Wir werden vorbei kommen. Wir sind immer vorbei gekommen. Trotzdem die Angst. Es könnte ja diesmal anders sein.
Jemand sagt: Das ist alles unwichtig. Wichtig sind die Wolken über dem Land. Wenn sie hell werden und sich auflösen, dann wirst du sehen.

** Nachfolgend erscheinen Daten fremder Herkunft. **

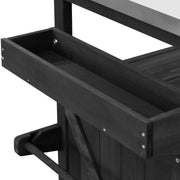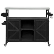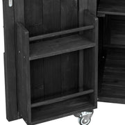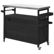 | Summary | This outdoor kitchen cart is ideal for hosting backyard barbecues or gatherings with friends and family on the patio. Constructed from solid fir wood and a 201 thick stainless steel topit is perfect for food preparationserving traysor keeping beverages cold. The frame is made of solid fir wood with a distressed finishfeaturing slatted door fronts with a natural finish for added farmhouse charm. This bar cart sits on 4 lockable casters for easy mobility and stability. The thoughtfully designed three shelves on either side can be adjusted or removed for maximum adaptability. Additionallythis cart includes internal storage racks and a spacious spice rack to accommodate bottles and glasses. |

Ich will sehen. Will in der Sonne gehen, durch das Ried. Über die warmen Steine, die ausgetretenen Stufen hinauf, im Chor der Zikaden, die vor meinen Schritten nicht verstummen. Zur Quelle will ich und der Rose zu Füssen der Göttin Wasser bringen. In diesem Boot, am Rande des Sogs, weiss ich immer, was ich will, auch jetzt.
Trotzdem die Angst im Sturm, das Kreischen der Möwen, ihre spitzen Schreie, immer lauter.
Ein Vorbeikommen wird diesmal nicht möglich sein. Wer zur Quelle will, um der Rose Wasser zu geben, muss sich befreit haben. Auch ich.